Das Opfer sucht einen Retter — jemanden, der das Problem lösen kann. Aber wenn die Retter den Erwartungen nicht entsprechen, kann das Opfer schnell zur Verfolgerin werden.

Die Verfolgte / Der Verfolger Der Verfolger greift an, kritisiert und macht Vorwürfe. "Das ist deine Schuld." "Du zerstörst immer alles." "Wenn es nicht dich gäbe..."

Der Verfolger sieht sich selbst als jemanden, der Grenzen setzt — aber Grenzen, die mit Aggression und Vorwürfen gesetzt werden, sind keine gesunden Grenzen. Das ist Kontrolle.

Die Retter Die Retter helfen — aber nicht immer, weil sie darum gebeten werden. Sie helfen, weil sie sich gebraucht fühlen müssen, oder weil sie ihre eigenen Probleme vermeiden, indem sie sich auf die anderer konzentrieren.

"Ich helfe dir nur." "Ich mache immer alles für andere." "Niemand anders übernimmt Verantwortung."

Retter fühlen sich oft ausgenutzt — und können in die Rolle des Verfolgers wechseln.

Die Rollen sind nicht festgelegt

Das Wichtigste am Drama-Dreieck ist, dass die Rollen wechseln. Dieselbe Person kann morgens ein Opfer sein, mittags ein Retter und abends ein Verfolger.
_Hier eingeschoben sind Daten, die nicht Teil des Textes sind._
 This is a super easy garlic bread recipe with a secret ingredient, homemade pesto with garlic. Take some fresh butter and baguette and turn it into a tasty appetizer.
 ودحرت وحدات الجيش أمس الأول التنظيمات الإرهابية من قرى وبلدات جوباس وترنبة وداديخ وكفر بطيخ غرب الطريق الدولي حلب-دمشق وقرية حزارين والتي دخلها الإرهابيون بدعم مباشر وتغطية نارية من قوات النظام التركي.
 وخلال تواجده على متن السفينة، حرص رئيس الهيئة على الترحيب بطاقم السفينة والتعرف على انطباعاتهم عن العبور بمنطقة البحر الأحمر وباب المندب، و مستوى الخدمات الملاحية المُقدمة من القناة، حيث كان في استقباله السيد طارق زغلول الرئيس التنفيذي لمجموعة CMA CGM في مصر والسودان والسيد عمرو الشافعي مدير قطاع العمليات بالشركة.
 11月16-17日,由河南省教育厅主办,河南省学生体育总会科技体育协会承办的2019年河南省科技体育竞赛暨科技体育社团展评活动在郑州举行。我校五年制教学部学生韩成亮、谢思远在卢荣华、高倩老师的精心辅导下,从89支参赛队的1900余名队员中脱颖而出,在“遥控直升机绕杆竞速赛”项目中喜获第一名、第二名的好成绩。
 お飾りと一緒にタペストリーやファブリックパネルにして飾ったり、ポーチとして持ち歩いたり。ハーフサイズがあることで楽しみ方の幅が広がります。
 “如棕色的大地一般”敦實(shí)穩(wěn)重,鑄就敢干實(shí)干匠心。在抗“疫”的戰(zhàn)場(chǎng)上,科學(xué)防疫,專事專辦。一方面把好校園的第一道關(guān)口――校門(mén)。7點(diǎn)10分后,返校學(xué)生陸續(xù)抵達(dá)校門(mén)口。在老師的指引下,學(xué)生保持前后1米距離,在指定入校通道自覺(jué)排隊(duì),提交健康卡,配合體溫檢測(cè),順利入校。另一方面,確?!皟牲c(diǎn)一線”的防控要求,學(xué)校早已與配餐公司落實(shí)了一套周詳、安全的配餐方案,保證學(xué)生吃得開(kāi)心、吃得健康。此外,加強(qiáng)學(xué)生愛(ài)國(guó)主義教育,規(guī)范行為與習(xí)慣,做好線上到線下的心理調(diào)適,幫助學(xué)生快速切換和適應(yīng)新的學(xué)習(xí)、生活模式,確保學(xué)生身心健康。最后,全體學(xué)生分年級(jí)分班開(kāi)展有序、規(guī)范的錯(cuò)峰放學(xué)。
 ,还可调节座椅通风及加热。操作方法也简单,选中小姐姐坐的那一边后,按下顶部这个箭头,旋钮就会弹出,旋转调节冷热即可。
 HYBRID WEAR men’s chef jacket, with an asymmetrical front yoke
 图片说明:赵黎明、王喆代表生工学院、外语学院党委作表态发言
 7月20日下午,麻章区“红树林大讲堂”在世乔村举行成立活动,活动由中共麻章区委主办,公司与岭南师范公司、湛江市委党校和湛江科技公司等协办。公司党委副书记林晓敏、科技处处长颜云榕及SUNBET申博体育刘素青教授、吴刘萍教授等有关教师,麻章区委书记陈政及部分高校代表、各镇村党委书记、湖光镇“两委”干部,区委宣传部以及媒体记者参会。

Und alle drei Rollen erhalten das Drama aufrecht. Sogar die Retter — obwohl sie es gut meinen — hindern andere daran, Verantwortung für ihr eigenes Leben zu übernehmen.

Der Weg aus dem Dreieck

Bewusstsein ist der erste Schritt. Wenn du erkennen kannst, welche Rolle du gerade spielst — in diesem Moment — kannst du anfangen, anders zu wählen.

Das Opfer kann anfangen, Verantwortung zu übernehmen: "Was kann ich selbst tun?" Der Verfolger kann Grenzen ohne Aggression setzen: "Das akzeptiere ich nicht." Der Retter kann fragen: "Hast du mich um Hilfe gebeten?"

Fragen zur Reflexion Welche Rolle spielst du am häufigsten? In welchen Beziehungen siehst du das am meisten? Kennst du das Muster aus deiner Familie?